Start of Data extract

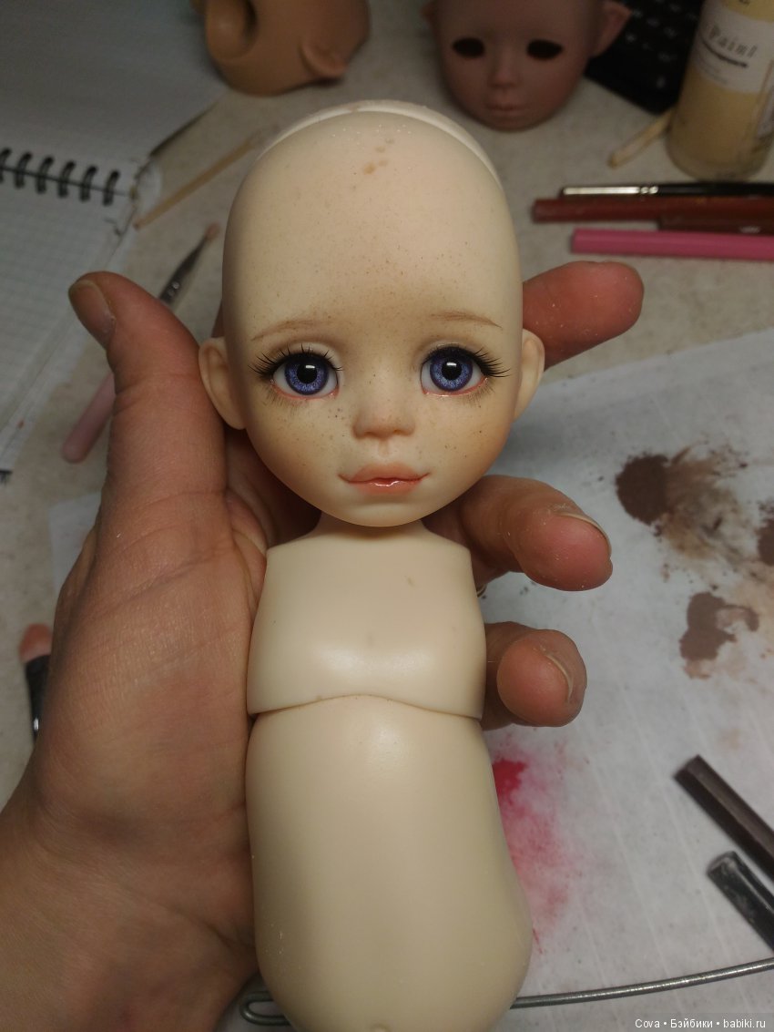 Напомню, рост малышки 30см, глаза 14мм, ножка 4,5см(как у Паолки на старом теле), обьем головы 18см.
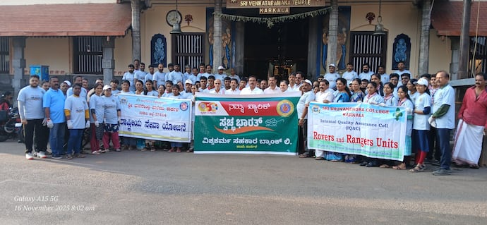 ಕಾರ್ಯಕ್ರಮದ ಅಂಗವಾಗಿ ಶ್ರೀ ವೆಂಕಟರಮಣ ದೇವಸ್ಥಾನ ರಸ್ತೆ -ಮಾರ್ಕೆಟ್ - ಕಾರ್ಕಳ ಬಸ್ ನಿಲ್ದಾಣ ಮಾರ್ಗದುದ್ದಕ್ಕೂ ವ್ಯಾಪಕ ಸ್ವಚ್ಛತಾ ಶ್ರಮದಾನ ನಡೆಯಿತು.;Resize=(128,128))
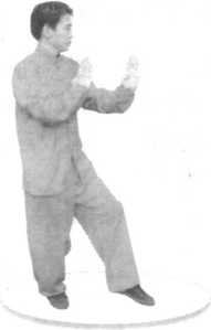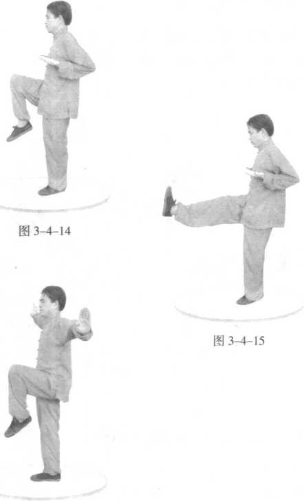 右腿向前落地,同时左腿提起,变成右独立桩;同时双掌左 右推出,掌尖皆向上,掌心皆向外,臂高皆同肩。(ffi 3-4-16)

End of Data extract

The required output is the line containing "ಕಾರ್ಯಕ್ರಮದ ಅಂಗವಾಗಿ ಶ್ರೀ" plus every line after it to the end of the data, copied exactly and with no pictures.

 ಕಾರ್ಯಕ್ರಮದ ಅಂಗವಾಗಿ ಶ್ರೀ ವೆಂಕಟರಮಣ ದೇವಸ್ಥಾನ ರಸ್ತೆ -ಮಾರ್ಕೆಟ್ - ಕಾರ್ಕಳ ಬಸ್ ನಿಲ್ದಾಣ ಮಾರ್ಗದುದ್ದಕ್ಕೂ ವ್ಯಾಪಕ ಸ್ವಚ್ಛತಾ ಶ್ರಮದಾನ ನಡೆಯಿತು.;Resize=(128,128))
 右腿向前落地,同时左腿提起,变成右独立桩;同时双掌左 右推出,掌尖皆向上,掌心皆向外,臂高皆同肩。(ffi 3-4-16)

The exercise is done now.